Along with temperature, what degree of predicted flooding would it take for you to flee?

22 comments
  1. We’re having four straight days of 100+ highs this week. Get me outta here!!!

  2. …evacuate the *region*? Do you have any idea how big of an area you’re talking about?

    I ain’t leaving till James Spann tells me to leave. This is the way.

  3. Even if it’s 120 outside as long as my AC is working there’s no reason to evacuate, just gotta be mindful and use common sense when outside.

    For flooding the coast isn’t too far from me, I might have 1.5-2 feet of flooding before I need to get worried.

  4. If you’re including Florida in this, it would have to be significantly hotter, 10 degrees Fahrenheit a day on average or more, for me to consider moving just for that reason. I’m already used to moving from air conditioned location to air conditioned location, so the heat isn’t a big deal to me.

    Any flooding would have to pose a significant threat to my home or vital infrastructure to cause me to leave.

  5. In the event that the South becomes so hot that it’s uninhabitable, we’ve got bigger problems than people fleeing the South. People live in Qatar, etc.

  6. Evacuate?

    It would have to become literally inhospitable for me to leave. The heat can be brutal but I’ve been dealing with it my whole life. I really don’t have to be outside for any extended periods either, so it would have to get to the point that human life is infeasible before I made that decision.

  7. Texas gulf coast here. We got hit by Harvey. Fleeing from predicted flooding is a dangerous idea. You get stuck on the roads and the roads are designed to flood to keep homes and business from flooding. We were very conscious of the flood maps when we bought our house. We talked to the neighbors who have been here since the 70s. The neighborhood has never flooded. If it didn’t flood in Harvey, I doubt it will flood in my lifetime. We buy our supplies and hunker down. We have a few home improvement projects to tackle before this, but I want to put in a whole home generator.

    Edit: typo

  8. Lol. The heat index was 120 last week and I’m still here, so above that. I’m pretty sure I’m not leaving based on temperature alone. Born and raised here.

    Flooding? Well, I live on the top of a pretty big ridge. If I’m flooded out, thousands are dead already. Probably going to stay up here because it’s safer than going down to where the water is.

    People of the Deep South are tough birds. We don’t tend to evacuate or flee. We tend to dig in and deal with it.

  9. Probably 120°F or higher. Where I live the highs are around 95-101° and it’s not too unbearable if I’m inside with the AC, but I sure as hell won’t be going outside

  10. Wouldn’t even consider it until 120. At 130 for more than one day I’d most likely evacuate.

  11. Florida is barely an inhabitable climate now, I don’t know if getting a bit less inhabitable will make people leave

  12. The last thing southern people do when it’s hot is flee. The higher the temp, the slower you move.

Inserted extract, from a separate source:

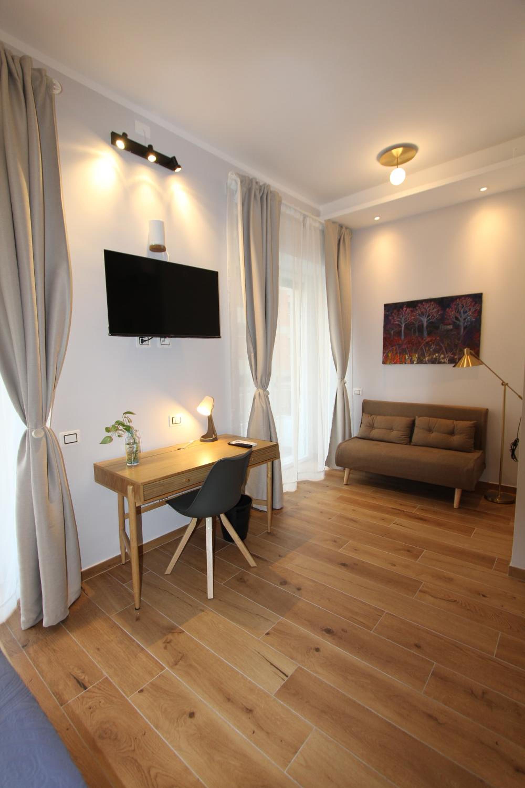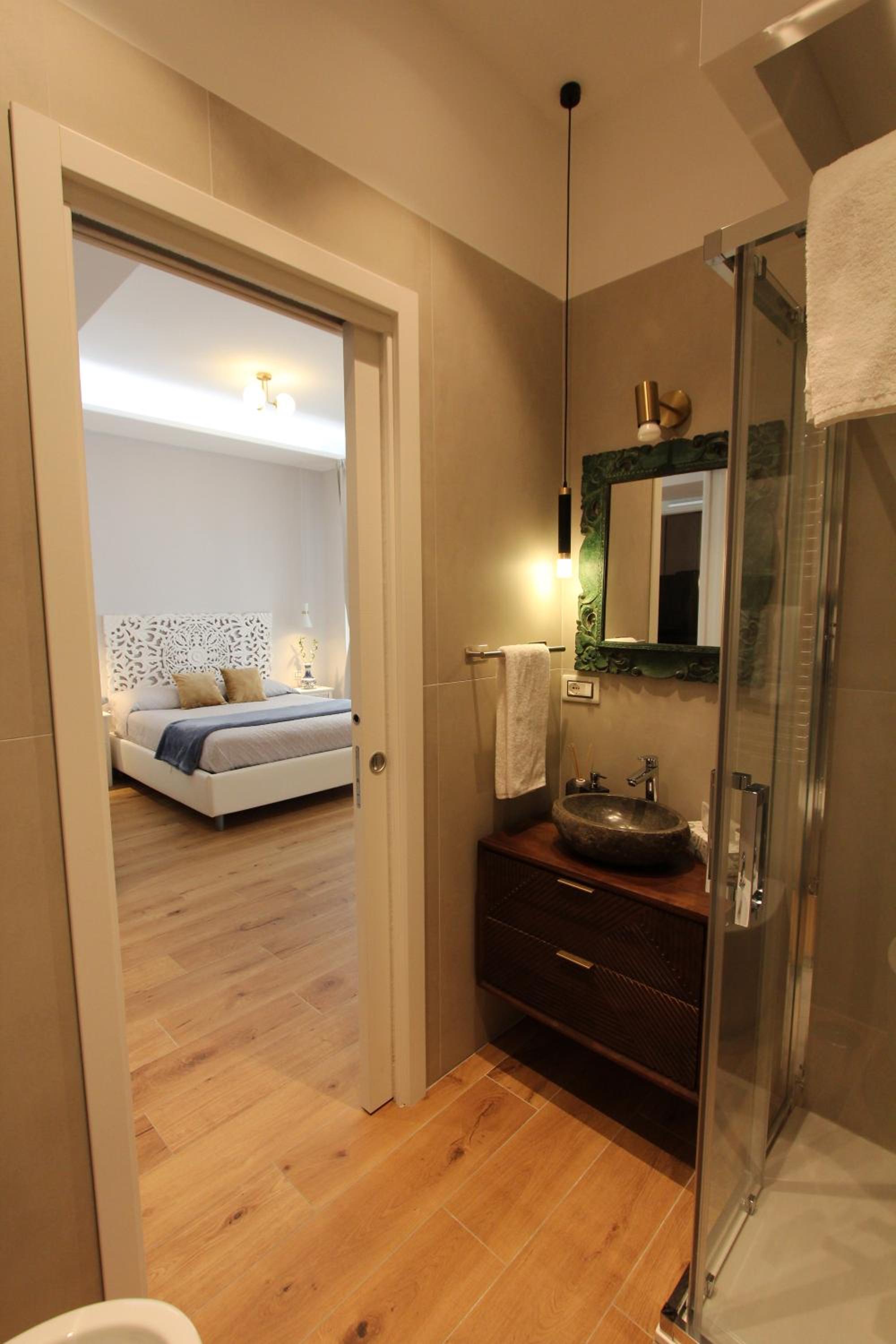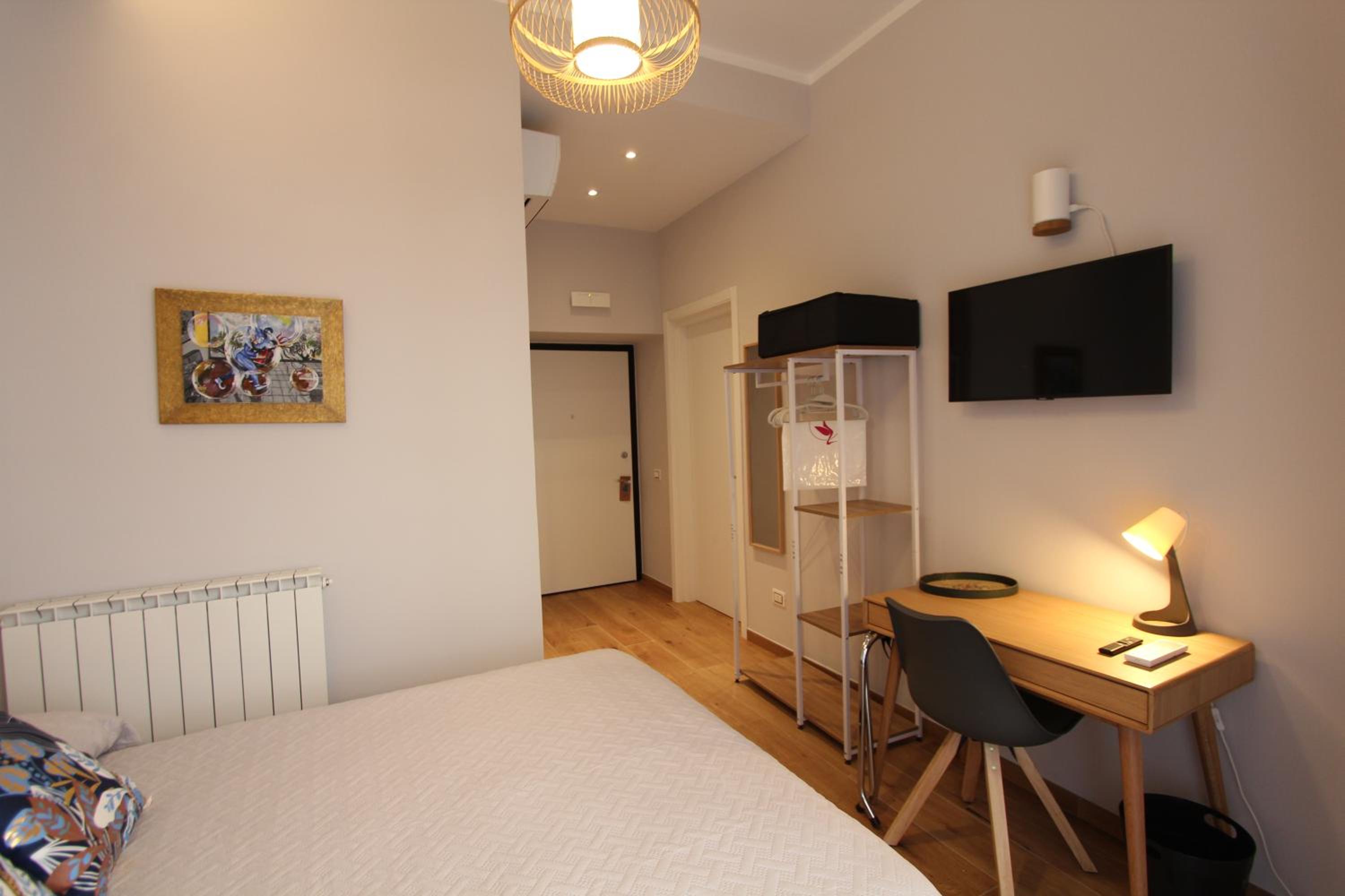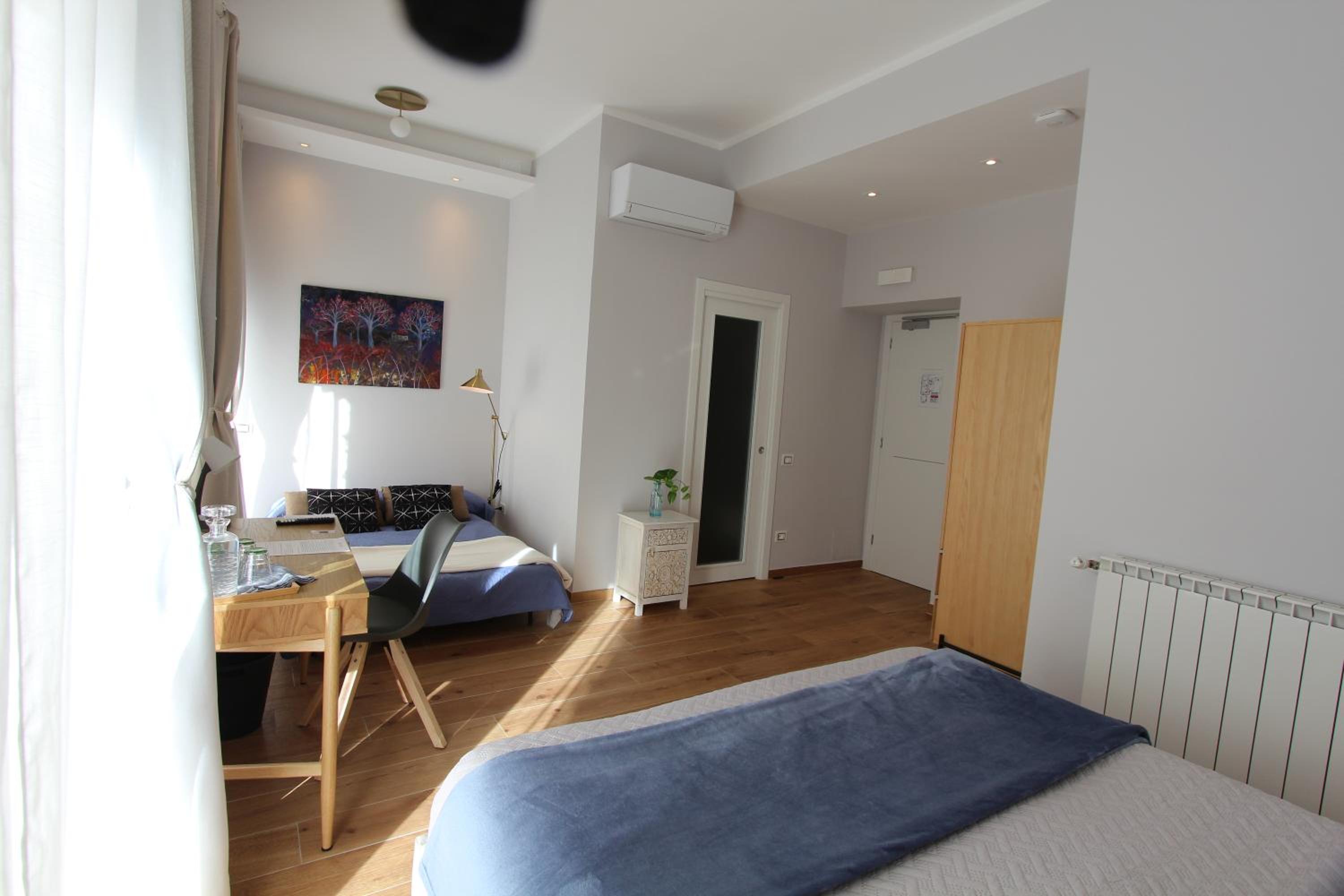 Beautifully decorated and very comfortable room. We had a balcony with side sea view and overlooking a lovely square. Our hosts were extremely helpful. Our hosts helped arrange a taxi directly to our cruise ship. Both the shared lounge area and our room are beautifully decorated and pristine.

  13. Temperature has no limit. Even as southerner, as much as it may be hard for even me to believe, there are inhabited parts of the world that are hotter. Plus, in modern days, so long energy prices don’t keep going up, we have air conditioning down south, which makes living in the south a lot easier.

    Flooding depends on a number of things. How fast is it coming down? 28 inches of rain over the course of the year isn’t that bad, but 28″ in matter of hours is no joke. Also, is your home off the ground. If your home is off the ground, the floodwaters will be underneath a house just like water is underneath an oil rig. Provided you have enough food and fresh drinking water, maybe electricity via a generator, you could ride out a flooding event. If your home is not built off the ground, you ought to watch weather forecasts and evacuation orders more closely.

  14. IIRC, if you look at the climate models, the closer to the equator you are, the less the temperature is expected to rise, and the closer to the poles the more. So deep south may see a 3-5 degree temperature increase, with only late July and August being noticeably unbearable. Whereas northern Canada and Russia could become the new breadbasket of the world.

    Not counting repeated extreme weather events, which may induce people to move too. I’d guess the second or third time your house is severely damaged will cause many to leave.

  15. As long as I have working a/c I’m good. I don’t think flooding is a huge concern where I’m at.

  16. If I could afford to evacuate the south, I would’ve done it decades ago. I hate the weather here so much. It legitimately makes my depression and anxiety 1000 times worse.

  17. “What temperature”, but your question has to do with flooding?

    What does one have to do with the other?